◆ **Activity**:
An exact copy is needed of the lines in the entries below from the line with "Insgesamt noch recht" up to and including the line with "怪梅蟠屈如龙蛇,小红如粒欲作死。雪坡一株恰此此,归欤月明看横斜。", and of nothing else. Leave the pictures out.

◆ **Supplied material**:
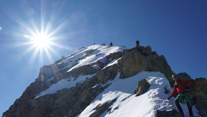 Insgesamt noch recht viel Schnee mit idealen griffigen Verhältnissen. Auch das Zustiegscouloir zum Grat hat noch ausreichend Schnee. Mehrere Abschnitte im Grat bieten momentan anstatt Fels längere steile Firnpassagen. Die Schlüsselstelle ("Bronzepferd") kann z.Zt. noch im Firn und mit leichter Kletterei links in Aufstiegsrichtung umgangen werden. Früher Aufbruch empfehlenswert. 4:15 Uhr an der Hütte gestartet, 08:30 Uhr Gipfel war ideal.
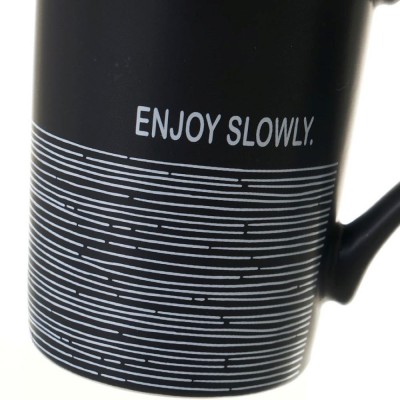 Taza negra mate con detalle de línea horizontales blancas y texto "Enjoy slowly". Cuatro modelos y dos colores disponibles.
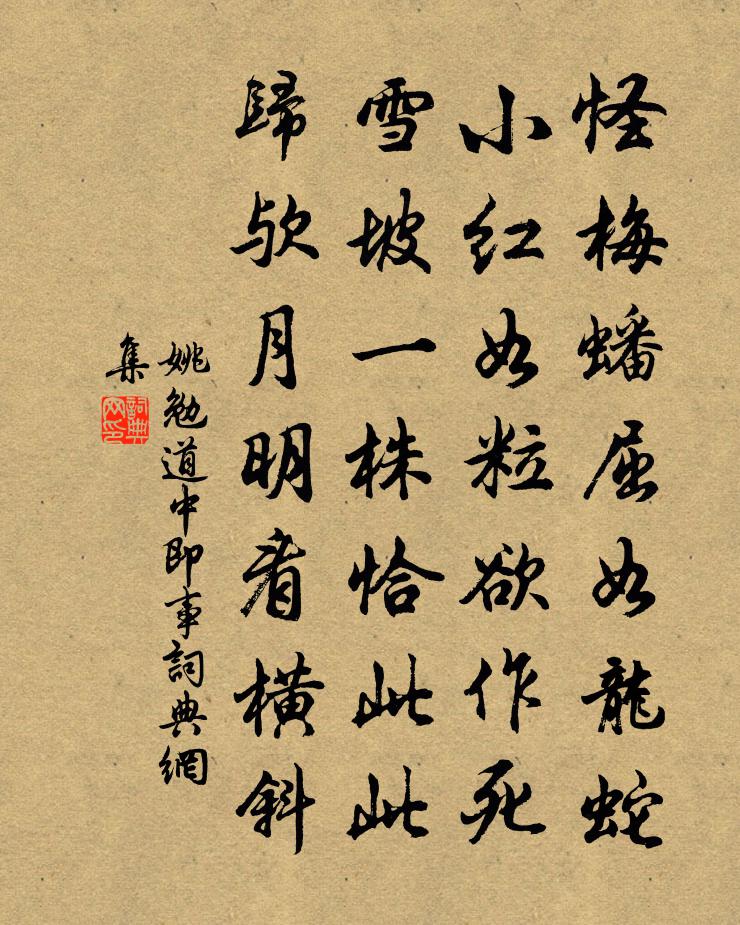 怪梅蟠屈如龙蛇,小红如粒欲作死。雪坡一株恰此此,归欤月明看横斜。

--

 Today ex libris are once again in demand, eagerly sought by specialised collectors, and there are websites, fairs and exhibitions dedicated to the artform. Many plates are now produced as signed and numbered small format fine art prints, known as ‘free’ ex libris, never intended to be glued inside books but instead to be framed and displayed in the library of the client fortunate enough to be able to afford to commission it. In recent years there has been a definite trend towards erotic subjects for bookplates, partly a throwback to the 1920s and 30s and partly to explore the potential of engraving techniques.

---

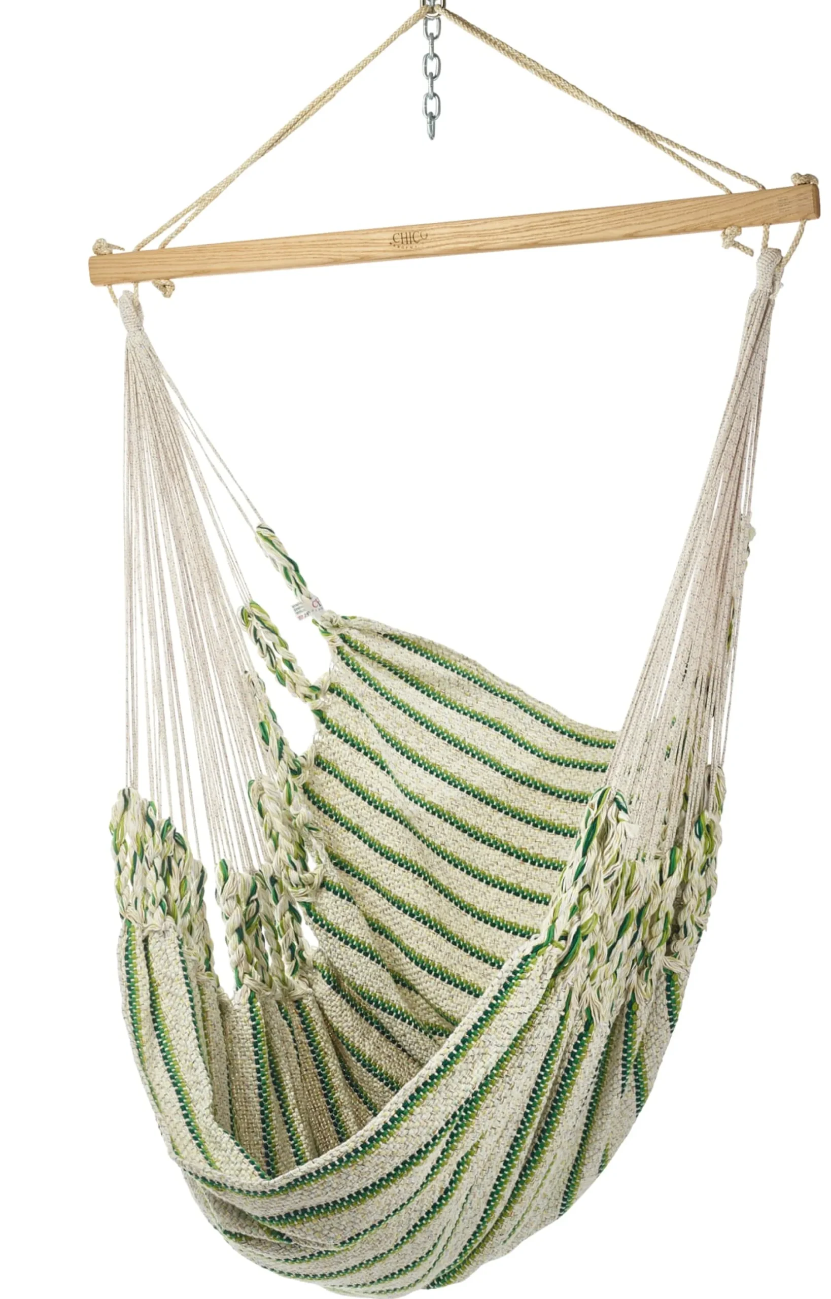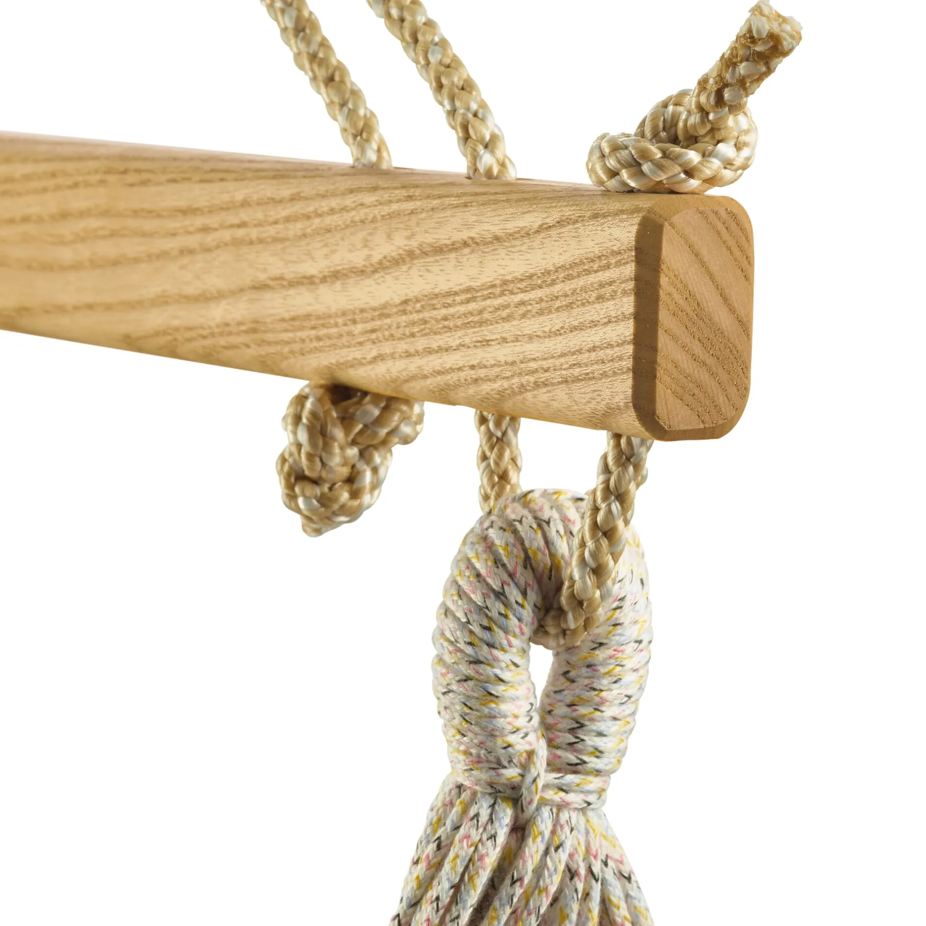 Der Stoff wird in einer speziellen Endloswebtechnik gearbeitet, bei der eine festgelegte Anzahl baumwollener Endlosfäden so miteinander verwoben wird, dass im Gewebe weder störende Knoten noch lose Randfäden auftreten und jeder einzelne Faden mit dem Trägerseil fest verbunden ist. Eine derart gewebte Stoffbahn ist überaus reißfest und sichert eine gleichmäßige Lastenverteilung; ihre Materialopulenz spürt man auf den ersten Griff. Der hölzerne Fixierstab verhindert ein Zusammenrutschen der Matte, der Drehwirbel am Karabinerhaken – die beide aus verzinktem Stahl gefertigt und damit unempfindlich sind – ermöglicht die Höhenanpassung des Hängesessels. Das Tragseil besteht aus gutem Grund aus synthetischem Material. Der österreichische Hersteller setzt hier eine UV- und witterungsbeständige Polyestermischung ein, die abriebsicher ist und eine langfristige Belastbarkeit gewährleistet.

◆ **Written answer**:
 Insgesamt noch recht viel Schnee mit idealen griffigen Verhältnissen. Auch das Zustiegscouloir zum Grat hat noch ausreichend Schnee. Mehrere Abschnitte im Grat bieten momentan anstatt Fels längere steile Firnpassagen. Die Schlüsselstelle ("Bronzepferd") kann z.Zt. noch im Firn und mit leichter Kletterei links in Aufstiegsrichtung umgangen werden. Früher Aufbruch empfehlenswert. 4:15 Uhr an der Hütte gestartet, 08:30 Uhr Gipfel war ideal.
 Taza negra mate con detalle de línea horizontales blancas y texto "Enjoy slowly". Cuatro modelos y dos colores disponibles.
 怪梅蟠屈如龙蛇,小红如粒欲作死。雪坡一株恰此此,归欤月明看横斜。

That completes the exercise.